Larry made his way to the hospital, leaving Brenda at home to catch any possible phone call there.

At least his father rested comfortably, none the wiser.

Running on caffeine, Walt watched the sky lighten, but the snow kept coming.

With chains on his four-wheel-drive truck, Larry drove the two of them to the police station, where they were met with a lobby full of bundled residents and several sheriffs trying to calm and address each one.

When Walt met the whites of the clerks’ eyes, he forced his attention on her.

“We have every officer out at this time, Dr. Eddy. We have a description of your mother’s car. We’re looking.”

“Where are you looking?”

The phone rang, distracting her again.

Walt turned around.

Larry nodded toward the door. “C’mon. We’ll look.”

The plows had been through to his parents’ turnoff, but the road to the house was covered in over a foot of snow. They’d been told that an officer had knocked on the door, but there was no evidence of a car passing.

That scared Walt even more.

Larry inched the truck to the house.

Inside was dead silent, the red light on the answering machine blinked.

He heard his own calls, felt his panic all over again with each one.

Walt grabbed the throws from off the backs of the sofas, piled a bag full of water and ready-to-eat food, and shoved them into Larry’s truck.

“They could have missed the turnoff at night.”

“Hard to believe Mom would have missed it.”

“Unless she’d fallen asleep and Dakota missed it.”

Walt agreed with Larry, and they headed farther up the mountain. The snow was even thicker, and the falling rate would give them another six inches before noon.

They made it to a blockade, indicating that the plows hadn’t gone through in some time.

Each hour that passed killed part of Walt’s soul. He called Brenda every thirty minutes only to learn that she’d heard nothing.

Some of the chaos at the police station had mellowed when they returned there just after noon.

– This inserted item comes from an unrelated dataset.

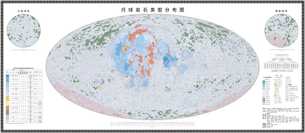 在主圖上,可以看到全月12341個撞擊坑、81個撞擊盆地,辨別出17種巖石類型、14類構(gòu)造。人類探測器著陸點、特殊高程點等一些特殊要素,在圖集中也有顯示。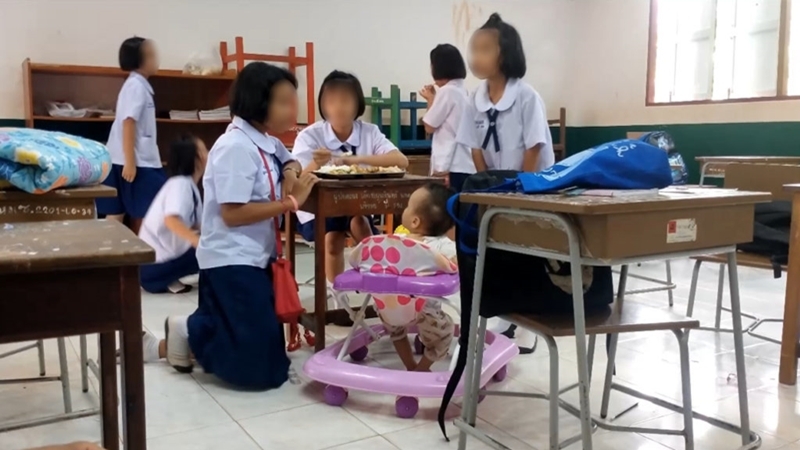 Ban Huay Mai Sod School in Bueng Kan province is seeking donations for a 10-year-old student who has to bring her infant sister to class because their parents are not around to take care of them.

Panic moved to anger and Walt made sure he had the attention of as many officers as he could.

When the clerk started in with the we’re looking spiel, Walt lost it.

He slammed his hand on the counter. “My pregnant fiancée and my mother are out there. My father is recovering from heart surgery. We’re looking isn’t good enough!”

Finally, a sergeant came forward. “I’m Sergeant Mills. Let me show you where we’re directing our search.”

A map in a back room had colored stickpins dotting all over it. “We’ve been patrolling the main road, searched the road leading to your parents’ home. The electricity is out all over the west side of the mountain, and we’ve been all over that area helping residents get out, or get in.”

Walt studied the map, pointed above the turnoff. “The road is closed up here, when did that happen?”

“After midnight.”

“Has anyone been up there since? We didn’t get through.”

“The plows are going through within the hour. If your family missed their turn, there is another one a quarter mile up. Could they have taken that?”

“Anything is possible.”

Walt ran a hand through his hair.

“I know you’re frustrated. We’re using every resource right now. All emergency vehicles are out in the storm. Power is out everywhere, people have been stranded in cars overnight. We’re hoping the snow slows down before sunset. If not, then first thing in the morning we’ll start again, get a bird in the air and see if we can find them from above.”

Walt thought of Trent, his resources. “How many choppers do you have?”

“Two.”

“I can get more.”

“We might not need them.”

Might wasn’t good enough.

He put a phone call in to his friend.

Both Dakota and JoAnne huddled in the front of the car when they turned on the car to heat it up. The sun might have been up, but the temperature was still bitter cold. Dakota had managed maybe an hour of sleep in the night. JoAnne did marginally better.